Selon déclaration reçue au greffe le 27 décembre 2021, monsieur [H] [T] a interjeté appel de cette décision, l’appel portant sur toutes les dispositions de l’ordonnance déférée dûment reprises.

Par dernières conclusions transmises le 19 janvier 2022, auxquelles il est renvoyé pour plus ample exposé des prétentions et moyens, monsieur [H] [T] demande à la cour de :

réformer l’ordonnance entreprise en toutes ses dispositions,

débouter la commune Ville de [Localité 4] de ses demandes,

condamner la commune Ville de [Localité 4] à lui payer la somme de 4 000 € sur le fondement de l’article 700 du code de procédure civile outre les dépens de première instance et d’appel.

Par dernières conclusions transmises le 8 février 2022, auxquelles il est renvoyé pour plus ample exposé des prétentions et moyens, la commune Ville de [Localité 4] sollicite de la cour qu’elle :

rejette toutes les demandes de monsieur [H] [T],

confirme l’ordonnance entreprise,

condamne monsieur [H] [T] à lui verser la somme de 3 000 € sur le fondement de l’article 700 du code de procédure civile outre les dépens.

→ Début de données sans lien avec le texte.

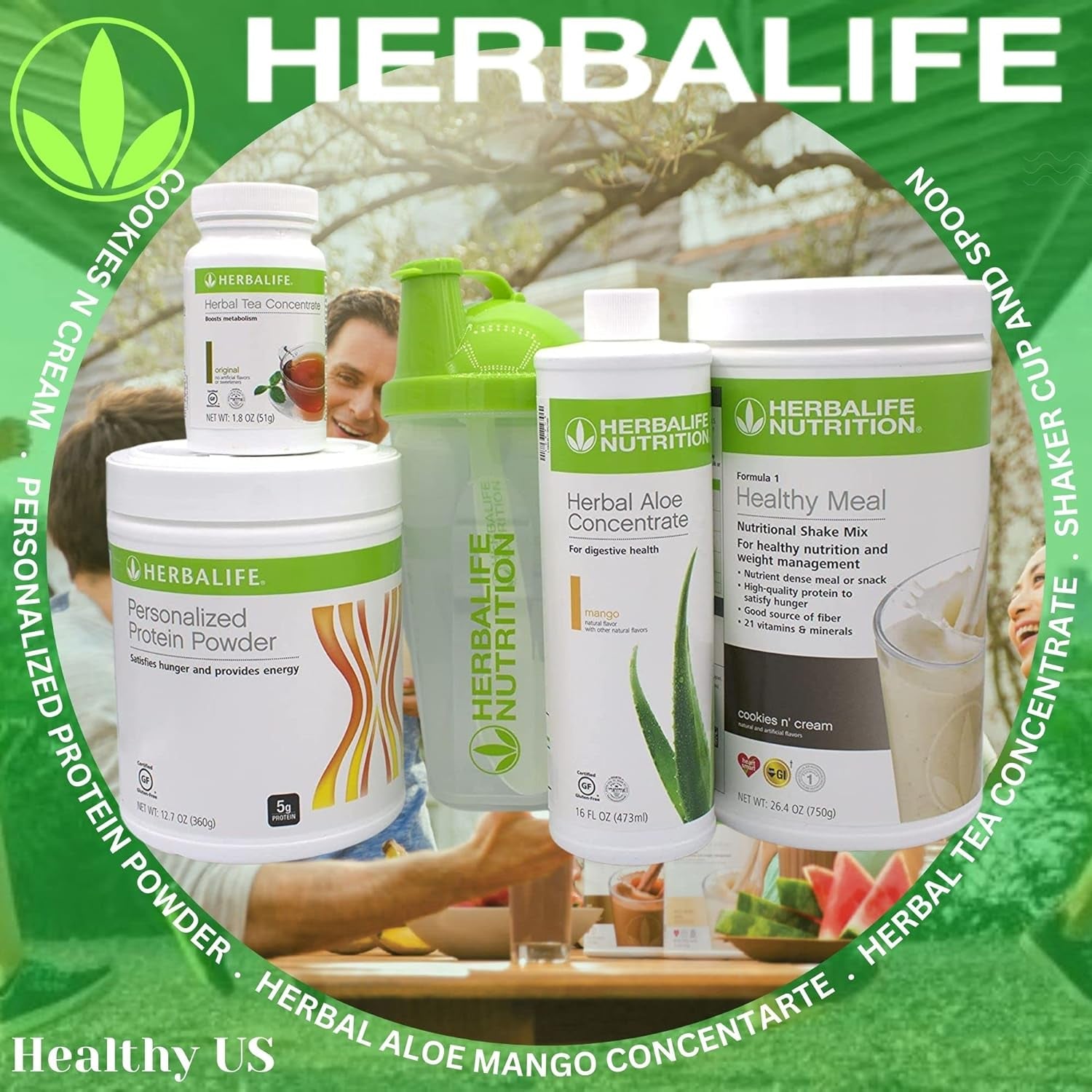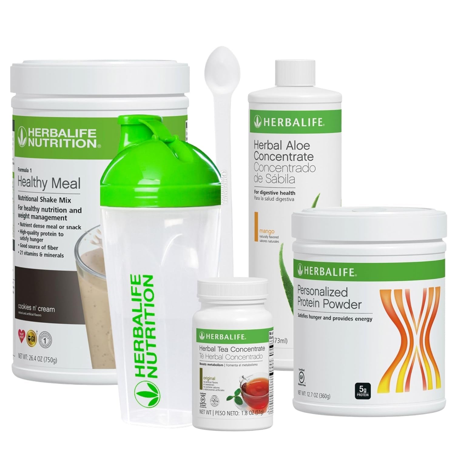 HERBALIFE COMBO FIVE FORMULA 1 Healthy Nutritional Shake Mix (Cookies and Cream 750G)-Herbal ALOE CONCENTRATE PINT 473Ml-Personalized PROTEIN POWDER 360G-Herbal TEA CONCENTRATE 51G with SHAKER CUP and SPOON

L’instruction de l’affaire a été close par ordonnance en date du 12 décembre 2022.

MOTIFS DE LA DÉCISION

Sur l’acquisition de la clause résolutoire et ses conséquences

Par application de l’article 835 du code de procédure civile, le président du tribunal judiciaire ou le juge des contentieux de la protection dans les limites de sa compétence peuvent toujours, même en présence d’une contestation sérieuse, prescrire en référé les mesures conservatoires ou de remise en état qui s’imposent, soit pour prévenir un dommage imminent, soit pour faire cesser un trouble manifestement illicite.

En application de ces textes, il est possible, en référé, de constater la résiliation de plein droit d’un contrat de bail en application d’une clause résolutoire lorsque celle-ci est mise en oeuvre régulièrement. La condition d’urgence de l’article 834 du code de procédure civile n’est dès lors pas requise.

Aux termes de l’article L. 145-41 du code de commerce, toute clause insérée dans le bail prévoyant la résiliation de plein droit ne produit effet qu’un mois après un commandement demeuré infructueux. Le commandement doit, à peine de nullité, mentionner ce délai.

En vertu de l’article L 143-2 du code de commerce, le propriétaire qui poursuit la résiliation du bail de l’immeuble dans lequel s’exploite un fonds de commerce grevé d’inscriptions doit notifier sa demande aux créanciers antérieurement inscrits, au domicile élu par eux dans leurs inscriptions. Le jugement ne peut intervenir qu’après un mois écoulé depuis la notification.

Monsieur [H] [T] soutient, en premier lieu, que la commune Ville de [Localité 4] n’aurait pas respecté les dispositions de l’article L 143-2 du code de commerce, de sorte qu’aucune résiliation du bail ne pouvait intervenir, faute de dénonce aux créanciers inscrits. Or, la commune Ville de [Localité 4] justifie de la dénonce, le 6 août 2021, de l’assignation délivrée à l’appelant aux fins de résiliation du bail aux créanciers inscrits, notamment la Trésorerie municipale de [Localité 4], tels que figurant au sein de l’état de nantissement figurant sur l’état d’endettement de monsieur [H] [T] et produit aux dossiers. Dès lors, les exigences de l’article L 143-2 du code de commerce ont été satisfaites et aucune irrégularité ne vicie la procédure intentée par l’intimée.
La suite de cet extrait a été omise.